French anthropologist

Pascal Robert Boyer is a Franco-American cognitive anthropologist and evolutionary psychologist, mostly known for his work in the cognitive science of religion. He studied at université Paris-Nanterre and Cambridge, and taught at the University of Cambridge for eight years, before taking up the position of Henry Luce Professor of Individual and Collective Memory at Washington University in St. Louis, where he teaches classes on evolutionary psychology and anthropology. He was a Guggenheim Fellow and a visiting professor at the University of California, Santa Barbara and the University of Lyon, France. He studied philosophy and anthropology at University of Paris and Cambridge, with Jack Goody, working on memory constraints on the transmission of oral literature. Boyer is a Member of the American Academy of Arts and Sciences.

==Work==
Pascal Boyer studies how human biases and cognitive faculties have resulted in or encouraged cultural phenomena. He advocates the idea that human evolution resulted in specialized capacities that guide our social relations, culture, and predilections toward religious beliefs. Boyer and others propose that these cognitive mechanisms make the acquisition of “religious” themes, like concepts of spirits, ghosts, ancestors or gods, highly transmissible within a community.

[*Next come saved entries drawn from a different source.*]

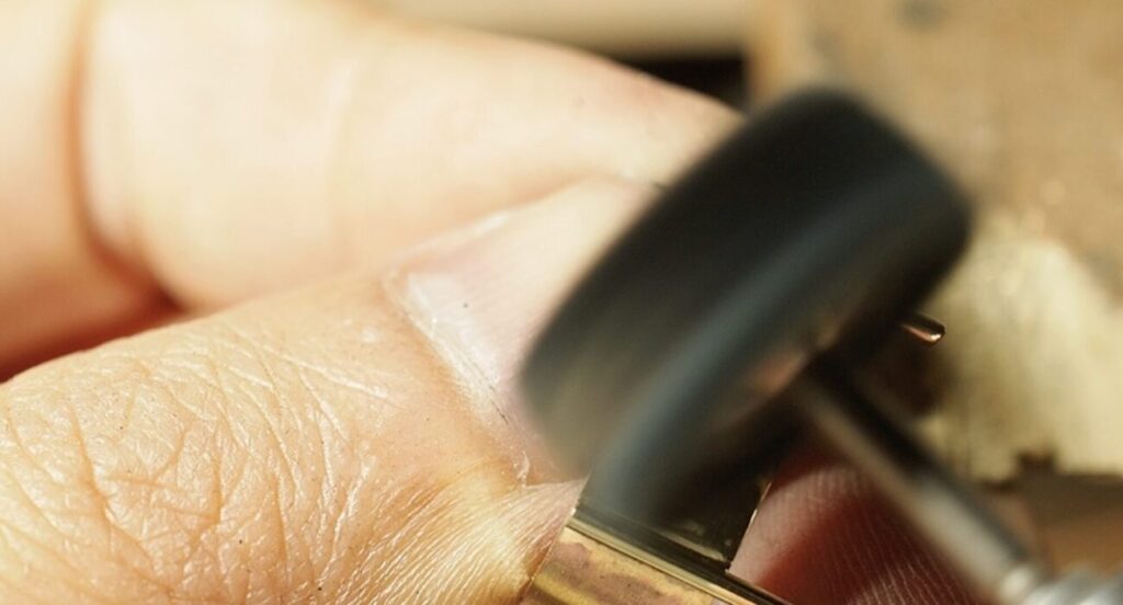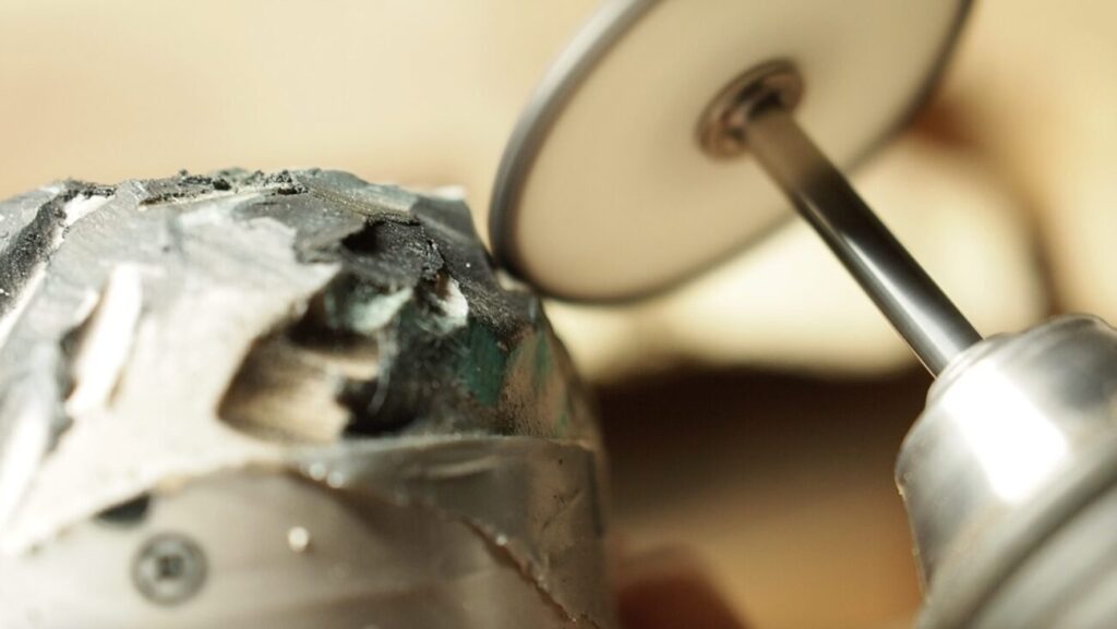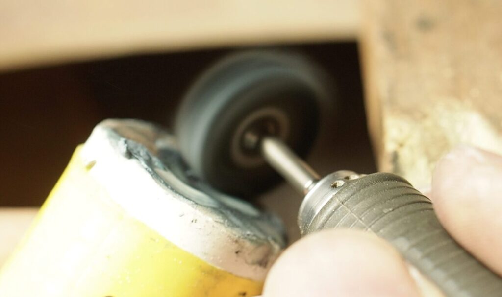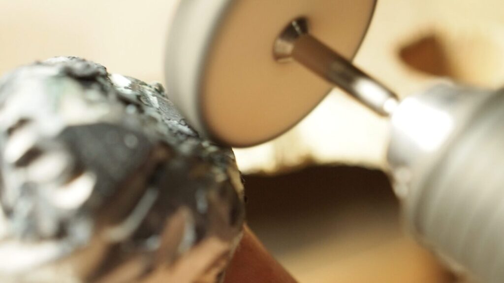 シリコンポイントをリューターに取り付けて綺麗にしていきます。
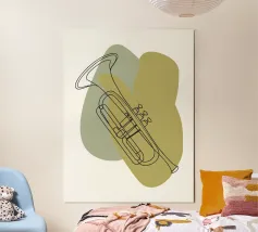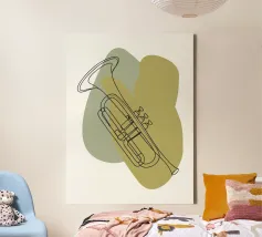 Catturate la bellezza della musica e dell'arte in un unico disegno! Questa illustrazione dettagliata di una tromba presenta dettagli sorprendenti, perfetti per gli amanti della musica e dell'arte.
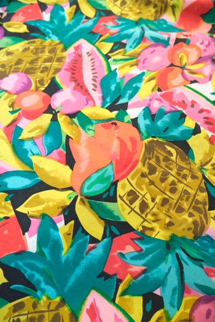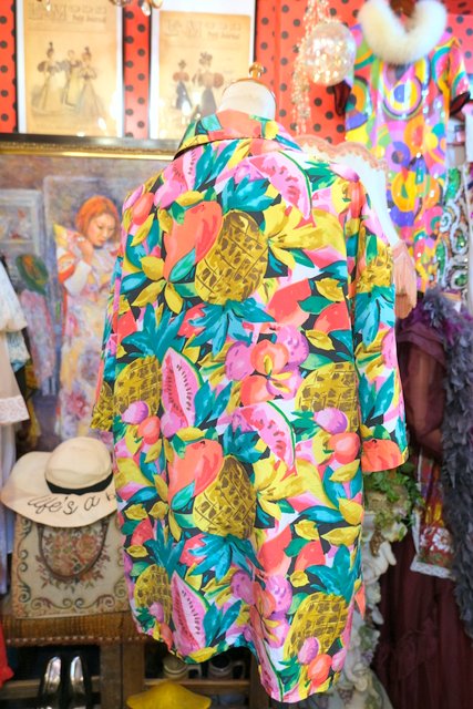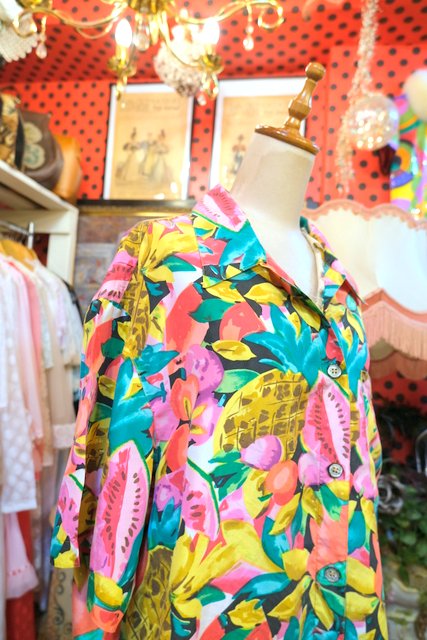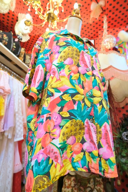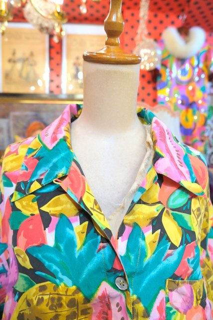 ヨーロッパ古着80sトロピカルフルーツ柄半袖シャツ
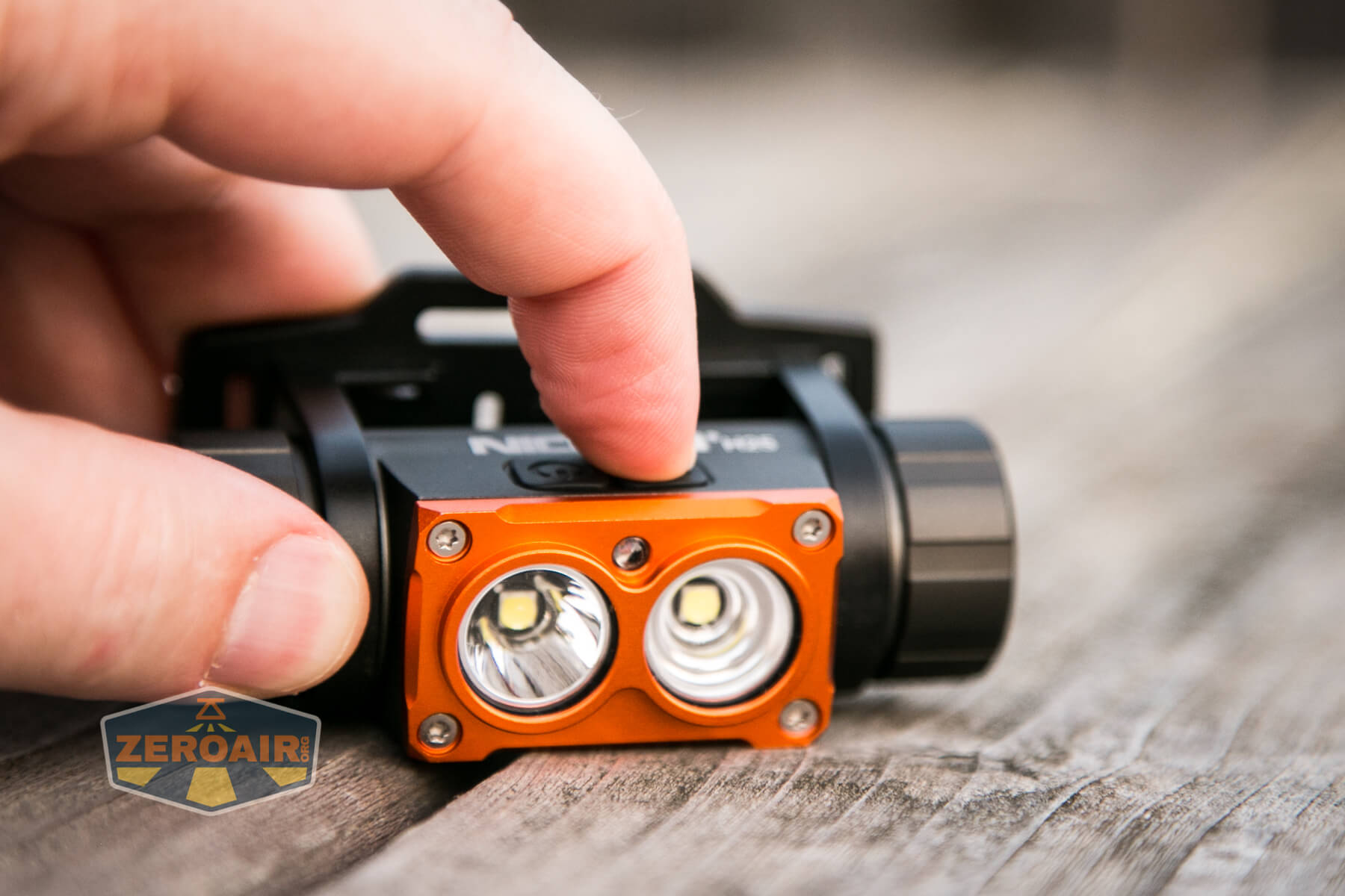Two switches are used for the operation of the Nicron H25 Headlamp. One’s a power switch (and has a power symbol, and Nicron calls this one “Switch A”) and the other one controls the floodlight and is called “Switch B.”)

Boyer has conducted long-term ethnographic fieldwork in Cameroon, where he studied the transmission of Fang oral epics and its traditional religion. Most of his later work consists of an experimental study of cognitive capacities underlying cultural transmission. He also conducted studies on supernatural concepts and their retention in memory and a general description of cognitive processes involved in the transmission of religious concepts. More recently, he has written on the concept of Folk economics, which proposes that evolved cognitive biases play an important role in how laypeople view the economy.

== Religion Explained ==
Of Boyer's books, Religion Explained: The Evolutionary Origins of Religious Thought is the best known. Boyer used cognitive anthropology to provide a new understanding of religion. Religion for Boyer consists of cultural representations, that is, ideas that appear in roughly similar forms in the minds of different individuals in a group. To explain how religion emerges and is transmitted, we must explain how these ideas are acquired, stored and transmitted better than other possible ideas. Findings from cognitive and developmental psychology suggest that some combinations of ideas are particularly easy to acquire and remember. Among these, we find many standard themes of supernatural and religious imagination, such as the notion of an agent with counter-intuitive physics and standard psychology, e.g. ghosts and gods that are not material but have the same mental capacities as humans. According to Boyer, there are only a few such combinations of intuitive and counter-intuitive material that are optimal for acquisition and memory - and these happen to be the most frequent ones in the world's religions.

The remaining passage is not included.